[Interview] Antibiotic resistance poses an insidious threat to public health in Cambodia. At the invitation of the Institute of Tropical Medicine (ITM) in Antwerp, Cambodian journalist Sokummono Khan was given the opportunity to learn more about this problem in Belgium.
Is antibiotics misuse a major problem in Cambodia?
Definitely. First of all, our healthcare is barely regulated. This means that you can buy medicines anywhere without a prescription. As a result, antibiotics are ubiquitous. Lack of knowledge about medicine use is the second stumbling block. Vendors do not inform their customers in this respect. People use antibiotics for any ailment, even for viral infections, where they have no effect. And in diseases where antibiotics are useful, people often stop their treatment too early. As a result, the stronger bacteria survive, becoming resistant.

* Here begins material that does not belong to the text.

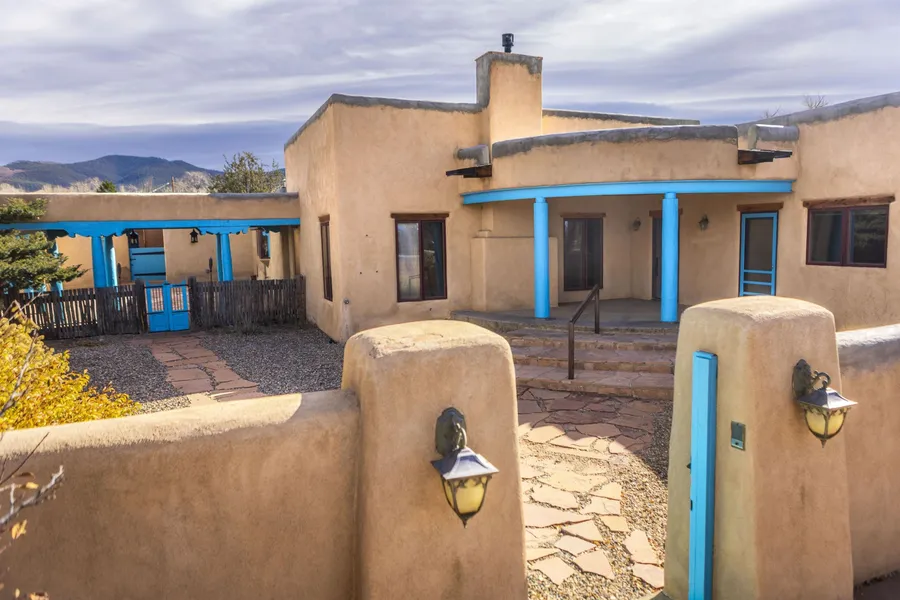 A piece of Taos History is waiting for its next chapter.... The Estate of Taos visionary Gene Sanchez, known for his contribution to Taos politics, art & architecture, offers an opportunity to shape the landscape of Taos' future. This historic estate includes an approx 3700 sq ft, 4 bed/3 bath adobe main residence that is accompanied by two charming casitas that provide stunning views of Taos Mountain. Partial basement under the main house. Designed with artistic precision and attention to detail, the home features timeless traditional Southwest architecture with modern lifestyle comforts. Ahead of his time, Sanchez designed the home to have retreat style feel that includes 3 ensuite bedrooms. The spacious master suite includes a fireplace and a private patio with sought-after mountain views, while the fourth bedroom enjoys an adjacent private bath. The home showcases rich hardwood floor, dramatic hand-crafted Viga beamed ceilings, smooth plaster walls and a formal dining room and expansive living space. Large windows throughout, flood the home with natural light, framing the iconic New Mexico sunsets. Just off the flagstone patio is a cozy 500 sq ft 1 bed/1 bath casita complete with adobe fireplace. It's an inviting space for friends, family or rental possibilities. At the back of the property of the 1.5 acre property sits the "Artist Studio". This 1 bed/1 bath 1000 sq ft casita features an authentic adobe kiva fireplace. Its peaceful and private setting is a haven in the heart of Taos. While the home and casitas have been vacant for a bit of time, this property offers so much for the buyer with vision, similar to its architects, Gene and "Jules" Sanchez. Consisting of 3 lots, this gem of a property, represents an opportunity for additional development per R-4 zoning or an upside if sold separately. Possibilities to be explored and verified with Town of Taos Planning Department. We invite you to view the many amenities that this estate has to offer in our upcoming feature presentation. PRICE REDUCTION IS AN OFFSET TO SOME DEFERRED MAINTENANCE!! BUYERS BE AWARE! Possible presence of radon gas in all of the State of New Mexico! See the EPA map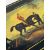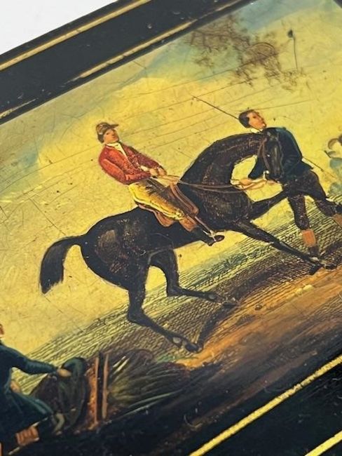AN EARLY 19TH GERMAN STOBWASSER TYPE PAINTED LACQUER CARD CASE OF RACING THEMEof rectangular form with curved ends, painted with a scene of two jockeys on horses in a landscape, on a black ground, the reverse plain black, the interior leather,14cm wide

How is the government tackling the problem?
The government has already taken action. They are trying to restrict the sale of antibiotics without a prescription. But it is such a widespread problem that it will not be easy. Even if some vendors do follow the rules, customers can always go somewhere else. Although there is a dawning realisation that things need to change. In cooperation with NGOs, the government launched awareness campaigns in 2014 to draw people's attention to the dangers of antibiotics misuse. A change is starting to take place in people's perceptions, and a desire for reformed health care is emerging.

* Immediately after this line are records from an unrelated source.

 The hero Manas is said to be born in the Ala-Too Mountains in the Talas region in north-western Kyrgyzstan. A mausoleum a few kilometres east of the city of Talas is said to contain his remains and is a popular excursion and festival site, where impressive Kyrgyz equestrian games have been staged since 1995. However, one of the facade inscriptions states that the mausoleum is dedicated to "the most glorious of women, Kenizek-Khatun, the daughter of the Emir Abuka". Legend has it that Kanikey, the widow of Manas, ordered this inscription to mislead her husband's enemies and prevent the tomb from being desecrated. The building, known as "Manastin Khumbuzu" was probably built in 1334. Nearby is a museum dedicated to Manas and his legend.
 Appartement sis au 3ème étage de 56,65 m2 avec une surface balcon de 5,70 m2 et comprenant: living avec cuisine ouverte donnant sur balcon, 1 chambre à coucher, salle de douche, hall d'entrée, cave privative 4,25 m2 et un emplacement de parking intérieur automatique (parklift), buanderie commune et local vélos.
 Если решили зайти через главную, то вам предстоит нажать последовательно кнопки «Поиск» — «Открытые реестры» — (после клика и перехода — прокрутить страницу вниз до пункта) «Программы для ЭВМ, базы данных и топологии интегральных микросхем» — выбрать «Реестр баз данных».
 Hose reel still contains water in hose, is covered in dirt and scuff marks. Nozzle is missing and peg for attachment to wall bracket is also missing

What have you learned in Belgium about the problem of antibiotics resistance?
It has broadened my perception. I have learned from the experts here that it is a global but controllable problem. It can be tackled, with sufficient expertise. Unfortunately, such expertise is lacking in Cambodia.
It doesn't matter if you are a man or a woman, everyone should follow their dreams.
What can Belgian researchers learn from Cambodia?
The ITM sends experts to Cambodia and has various partnerships with local organisations, which I find important. With this fieldwork, they can investigate things that would otherwise be impossible. The evolution of malaria cannot be studied in depth without practical experience. In addition, I think that Western scientists can also learn something from the way we use traditional medicines in Cambodia. Older people in particular still practise this. Perhaps our native alternative herbs can lead to more diverse treatments or new discoveries.
What is it like to work as a journalist in Cambodia?
Many people see it as a fairly dangerous profession. That is partly true. The regime sometimes puts pressure on journalists who are too critical. But the subject I write about is different. My issues are more scientific and require more specific knowledge. That means it is less risky than reporting on politics. The way you relate the story also plays a role. You need to be flexible in the strategies you apply, and use anonymous resources where necessary.
Do you have any advice for young (female) journalists?
I don't have any specific advice for female journalists. Everyone should do something that gives them fulfilment. It doesn't matter if you are a man or a woman, everyone should follow their dreams. If you are passionate about writing, follow that passion. Everyone should do what they love doing.
Sokummono Khan is an up-and-coming journalistic talent. As a multimedia, radio and TV journalist for the Voice of America Khmer Service, she reports on stories about health, education, culture, gender, youth and politics. At the ITM, she wants to learn more about antibiotics resistance.
Journalist-in-Residence is an initiative from the Institute of Tropical Medicine (ITM). In 2018, 3 journalists from Asia and Latin America had the opportunity to broaden their knowledge on a topic from tropical medicine or global health. The ITM is an essential partner of the Belgian Development Cooperation.